To fail to participate in the life of a local church is to disregard a direct command of scripture.
Now some of you may be saying, now wait a minute, wait, wait, wait, wait, wait, wait. Skip, God is everywhere. And if God is everywhere, can't I meet with God anywhere?
Answer, of course you can. But did you know that there is a special place, a special building where God uniquely meets with his people? Today here in Connect with Skip Weekend Edition, Skip Heitzig continues our series, Church Who Needs It, reminding us that fellowship is an important part of a believer's life. You know, a pastor once said of his parish that they eat to meet and they meet to eat.
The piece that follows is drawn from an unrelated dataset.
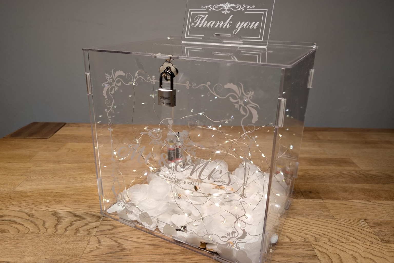 Unsere Acryl-Kartenbox vereint moderne Eleganz und Sicherheit und bietet den perfekten Platz für eure Karten und Geldgeschenke.
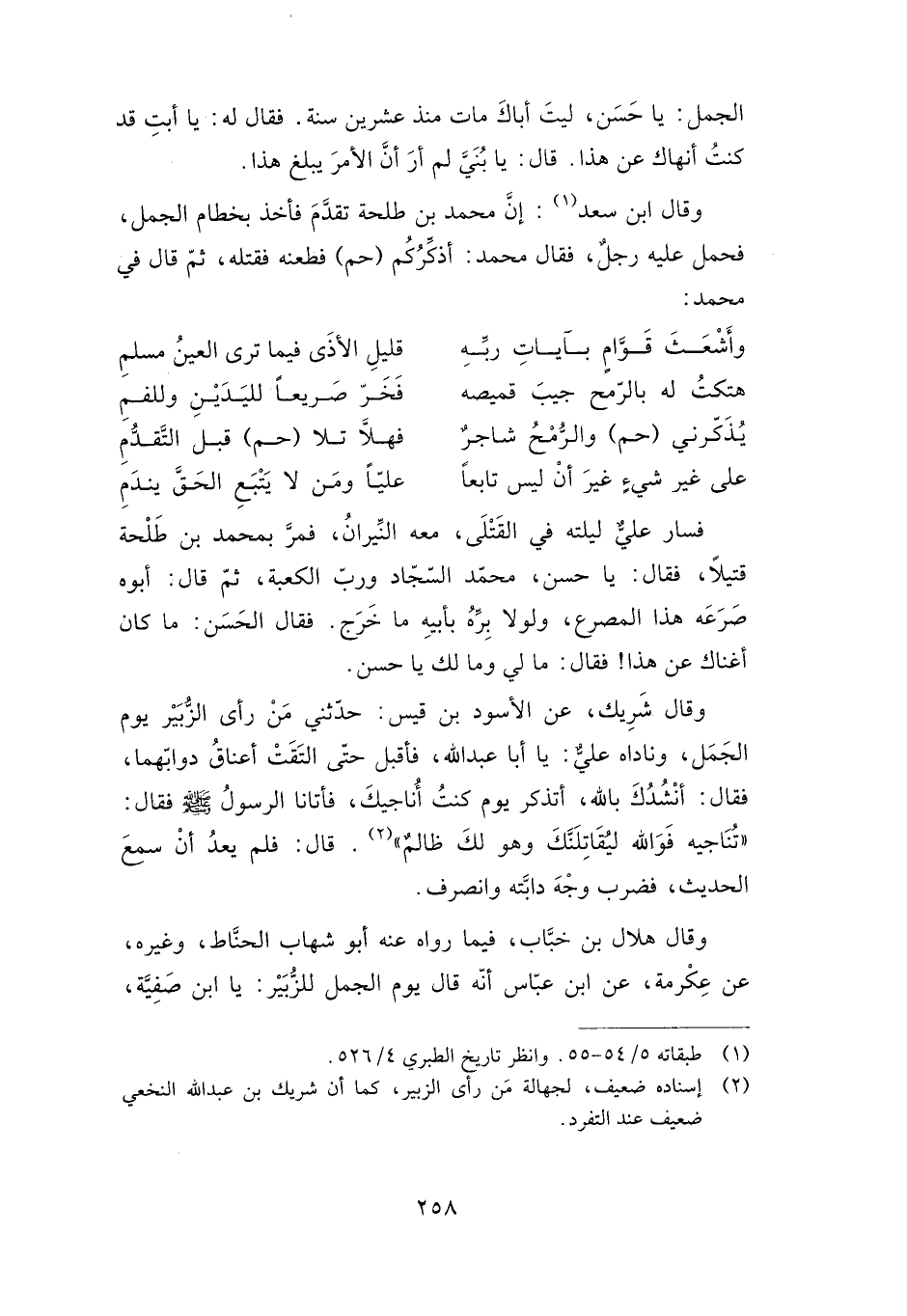وقال ابن سعد: إن محمد بن طلحة تقدم فأخذ بخطام الجمل، فحمل عليه رجل، فقال محمد: أذكركم "حم" فطعنه فقتله، ثم قال في محمد:

And for some churches that may be the definition of fellowship, but what is the biblical definition of fellowship and what role should it play in the growth of a Christian? Skip will explore these questions in today's teaching. But before we get started today, here's what we have for you this month in the Connect with Skip Resource Center. Listen to what Sean McDowell said about the book Tactics. This is the book I've been waiting for.
I enthusiastically recommend Tactics. Here's Skip Heitzig to comment on how Jesus spoke out for truth. We might think that Jesus never raised his voice, that he would never call anybody out. However, there was a side of Jesus that was contentious. The Jesus that took tables in the temple and overturned them and took out a whip and drove people out of the temple.
Yeah, that Jesus. Get equipped to defend the gospel and guard against false teachings with Fight for the House, a six-message series through the book of Jude with Skip Heitzig. This teaching series on CD is our thanks when you give to keep this Bible teaching ministry on the air. And when you give $35 or more today, we'll also send you a book by Gregory Kochel called Tactics. Your game plan for communicating the truth about Christianity with confidence and grace.
To give, visit connectwithskip.com or call 800-922-1888. Acts chapter 2 is where we're camping out again for this message, On Your Mark, Get Set, Grow, Part 2. So open your Bibles there and as we do, we'll join Skip Heitzig for the start of today's study. In a world that is becoming increasingly hostile, isolating, and alienating toward Christians, and I don't know if you've seen the news lately, but I see it in a palpable form where the demarcation between Christian and non-Christian is very marked and the hostility is going up. In such a world, Christian fellowship is the antidote. It's the antidote. And this is the reason I believe the church will never be outdated.
Ever, ever, ever. It will always be needful as long as it stays biblical. Now if it doesn't stay biblical and it becomes just another social club like thousands of other institutions out there, it will become irrelevant.
But if it's true to the apostles doctrine and true fellowship, it will never be outdated. Because in our culture, where people move a lot, we're very mobile. In our society that is very technological, it is producing a whole lot of very lonely, isolated individuals. And God's solution is to place them in families. Psalm 68, God sets the solitary in families. And in the Christian family, there's growth and acceptance and forgiveness and love and accountability. And worldly institutions will not provide that.
And computers will not provide that. Now something that is going to sound very obvious, but it needs to be stated. Fellowship is not the kind of activity you can do alone. You're saying, skip, you have a keen eye for the obvious. But it needs to be stated. You can't say, I'm going to go alone and have fellowship.
No you're not. Yeah with God, but not with anybody else but yourself. And unless you're schizophrenic, you're not going to have other people with you. And it can't be done by a podcast or watching television or a computer, as great as those things are.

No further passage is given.